Preventative resources can look like providing students with more mental health resources and guidance counselors; students must have access to resources that educate them on how to handle problems and emotional or mental health crises to deter them from taking extreme measures.

Realistically, we can’t expect all students with emotional or mental health crises to utilize such resources. That is why mental health conversations must be mandatory in schools. When we speak about mental health, we destigmatize the topic, empowering students to feel heard, speak up and take action when they see alarming signs among their peers.

With the increased usage of social media prior to mass killings, media literacy is a conversation we must not forget about. As stated in the article, “​​Shooter warning signs get lost in sea of social media posts… Increasingly, young men have taken to Instagram, which boasts a thriving gun community, to drop small hints of what’s to come with photos of their own weapons just days or weeks before executing a mass killing.”

Salvador Ramos posted a picture of two AR-style semi-automatic rifles just days before killing 21 people at Robb Elementary School.

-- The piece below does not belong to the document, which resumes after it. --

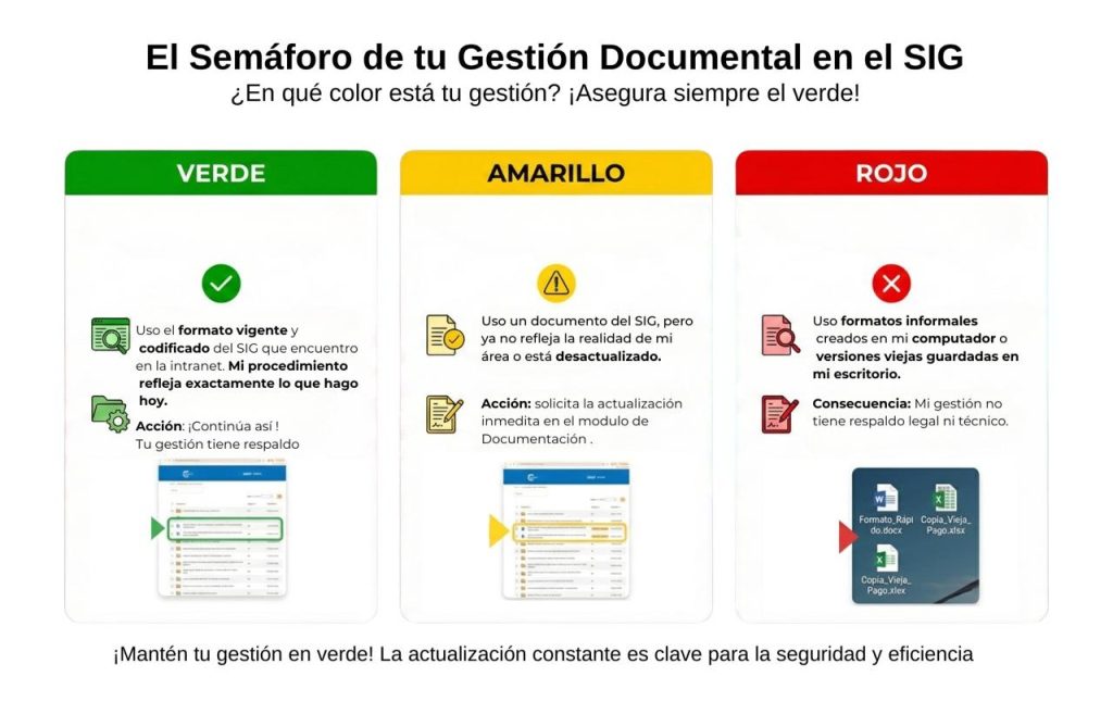 Este es un punto vital. El Sistema Integrado de Gestión (SIG) no es un archivo estático, sino un reflejo vivo de nuestra operación. Cuando los documentos se dejan “envejecer” o no representan lo que realmente hacemos en el día a día, el riesgo es igual de alto que usar documentos informales.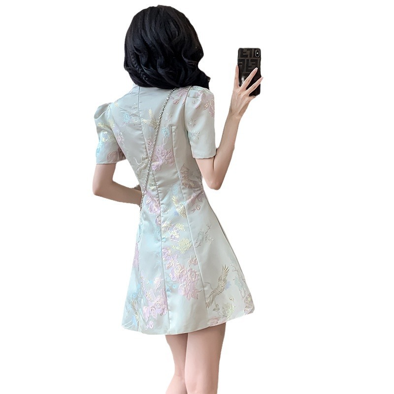 新中式国风复古改良旗袍裙夏季新款小个子盘扣立领收腰连衣裙女夏

Ethan Crumbley posted a photo of a semi-automatic handgun captioned, “Just got my new beauty today,” days before killing four students at his high school in Michigan in 2021.

The list goes on.

Our generation of social media users needs to know how to navigate these platforms. Students must be aware of what posts and signs may look like and understand the necessity of reporting them, whether that be to a school counselor or the police. Law enforcement and social media companies cannot, among millions of posts, spot every gun post from a potential mass shooter.

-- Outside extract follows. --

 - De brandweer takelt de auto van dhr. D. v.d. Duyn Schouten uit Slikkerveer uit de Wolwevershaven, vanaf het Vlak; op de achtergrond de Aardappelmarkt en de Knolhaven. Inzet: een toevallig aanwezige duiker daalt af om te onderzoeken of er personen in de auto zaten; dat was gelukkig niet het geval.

We must acknowledge that this problem is so much more than mental health. All countries in the world have mental health issues but none with school shootings as frequent as ours.

The “softening” of schools must be paired with gun control, an aspect of the solution Astor did not overlook.

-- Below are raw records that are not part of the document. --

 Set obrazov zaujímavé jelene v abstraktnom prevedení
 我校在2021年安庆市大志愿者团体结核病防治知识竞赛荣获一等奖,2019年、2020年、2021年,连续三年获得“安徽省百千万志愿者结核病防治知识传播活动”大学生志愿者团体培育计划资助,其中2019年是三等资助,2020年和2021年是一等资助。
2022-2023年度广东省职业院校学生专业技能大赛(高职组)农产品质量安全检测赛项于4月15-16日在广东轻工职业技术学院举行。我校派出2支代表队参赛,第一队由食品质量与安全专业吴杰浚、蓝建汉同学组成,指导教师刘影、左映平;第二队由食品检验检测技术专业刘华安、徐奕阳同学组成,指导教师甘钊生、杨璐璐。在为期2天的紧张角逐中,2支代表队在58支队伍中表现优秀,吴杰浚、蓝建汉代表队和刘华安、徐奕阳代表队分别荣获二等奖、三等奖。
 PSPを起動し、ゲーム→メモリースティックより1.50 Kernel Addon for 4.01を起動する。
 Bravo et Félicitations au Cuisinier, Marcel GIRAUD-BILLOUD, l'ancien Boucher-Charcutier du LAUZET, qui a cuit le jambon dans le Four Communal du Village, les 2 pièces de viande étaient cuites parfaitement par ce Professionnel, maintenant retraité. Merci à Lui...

“And, these experts say, you remove the major ‘environmental hazard’ that contributes to gun violence: the guns,” Astor said. “The eight-point plan calls for universal background checks, a ban on assault-style weapons, and …a type of emergency order that would allow police to seize a gun when there is an imminent threat.”

There is no easy answer. There is no immediate anecdote. Kids are dying. And if we don’t take effective action that limits guns, not adds them, that focuses on preventing, not simply responding, we will continue to experience agonizing loss as a nation as we did last Tuesday when 19 children and two teachers lost their lives to gun violence.